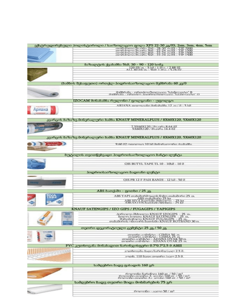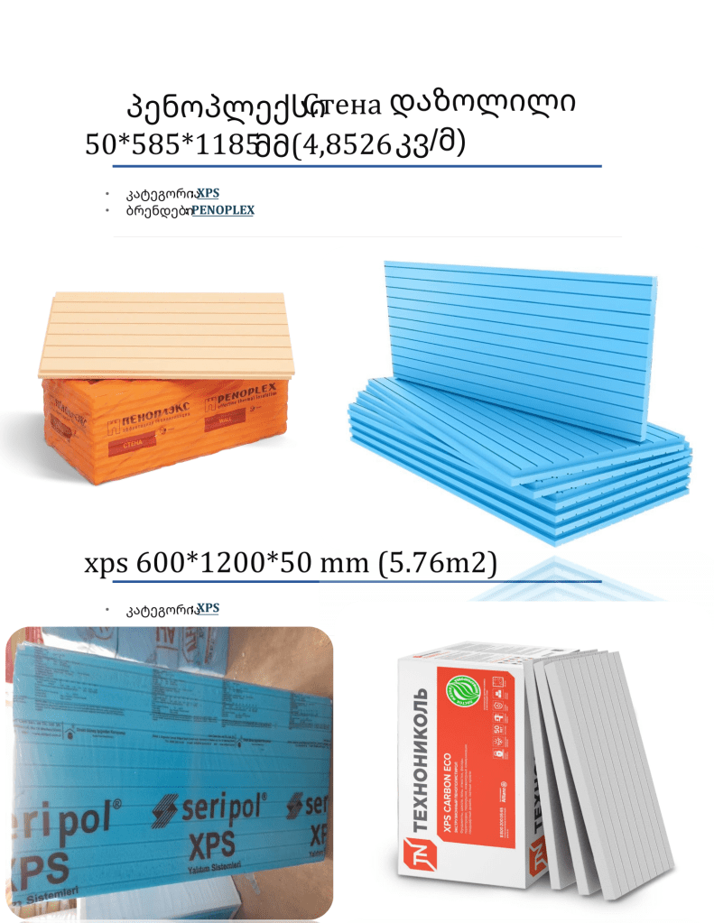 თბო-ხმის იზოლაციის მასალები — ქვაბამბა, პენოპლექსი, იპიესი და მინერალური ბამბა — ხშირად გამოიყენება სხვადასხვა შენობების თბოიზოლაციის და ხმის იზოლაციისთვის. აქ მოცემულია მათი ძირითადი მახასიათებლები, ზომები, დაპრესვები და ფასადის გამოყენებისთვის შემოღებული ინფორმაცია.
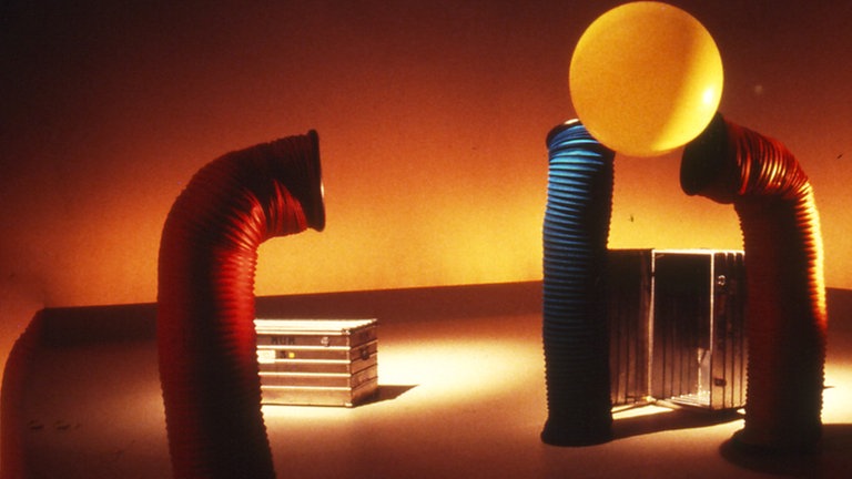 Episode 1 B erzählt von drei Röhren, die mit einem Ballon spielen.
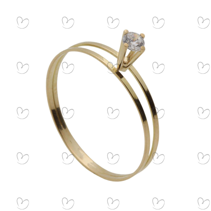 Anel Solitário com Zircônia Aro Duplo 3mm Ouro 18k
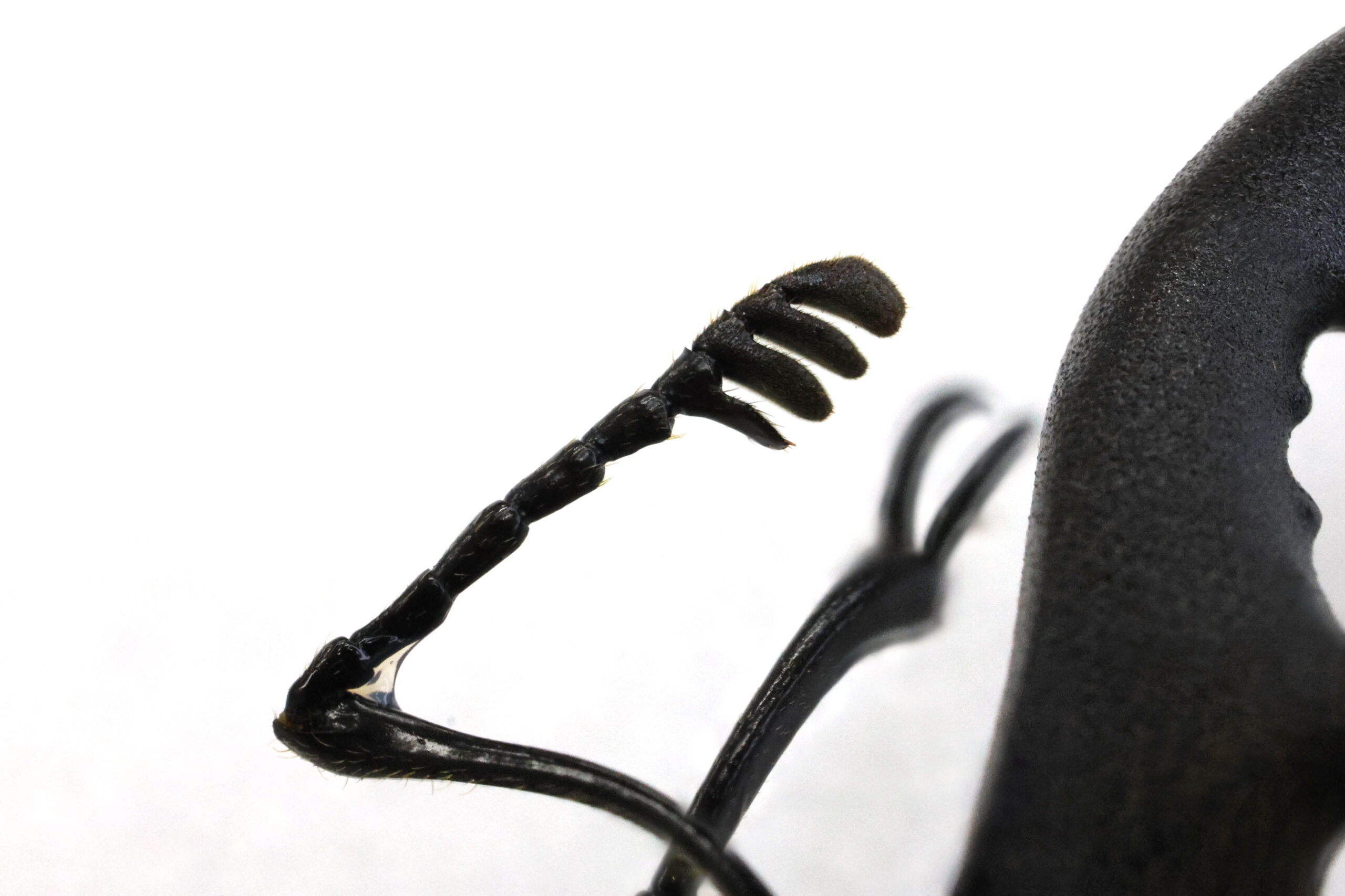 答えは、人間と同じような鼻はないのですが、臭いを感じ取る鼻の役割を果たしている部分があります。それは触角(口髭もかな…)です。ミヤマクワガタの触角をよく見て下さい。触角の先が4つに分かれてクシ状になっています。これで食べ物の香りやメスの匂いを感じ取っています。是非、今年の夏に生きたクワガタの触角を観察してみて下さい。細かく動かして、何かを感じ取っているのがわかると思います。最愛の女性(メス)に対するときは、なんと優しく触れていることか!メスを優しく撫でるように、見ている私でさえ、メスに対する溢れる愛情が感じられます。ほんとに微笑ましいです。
++++++
From the first line to the last, copy the listing above exactly, dropping all images.

 თბო-ხმის იზოლაციის მასალები — ქვაბამბა, პენოპლექსი, იპიესი და მინერალური ბამბა — ხშირად გამოიყენება სხვადასხვა შენობების თბოიზოლაციის და ხმის იზოლაციისთვის. აქ მოცემულია მათი ძირითადი მახასიათებლები, ზომები, დაპრესვები და ფასადის გამოყენებისთვის შემოღებული ინფორმაცია.
 Episode 1 B erzählt von drei Röhren, die mit einem Ballon spielen.
 Anel Solitário com Zircônia Aro Duplo 3mm Ouro 18k
 答えは、人間と同じような鼻はないのですが、臭いを感じ取る鼻の役割を果たしている部分があります。それは触角(口髭もかな…)です。ミヤマクワガタの触角をよく見て下さい。触角の先が4つに分かれてクシ状になっています。これで食べ物の香りやメスの匂いを感じ取っています。是非、今年の夏に生きたクワガタの触角を観察してみて下さい。細かく動かして、何かを感じ取っているのがわかると思います。最愛の女性(メス)に対するときは、なんと優しく触れていることか!メスを優しく撫でるように、見ている私でさえ、メスに対する溢れる愛情が感じられます。ほんとに微笑ましいです。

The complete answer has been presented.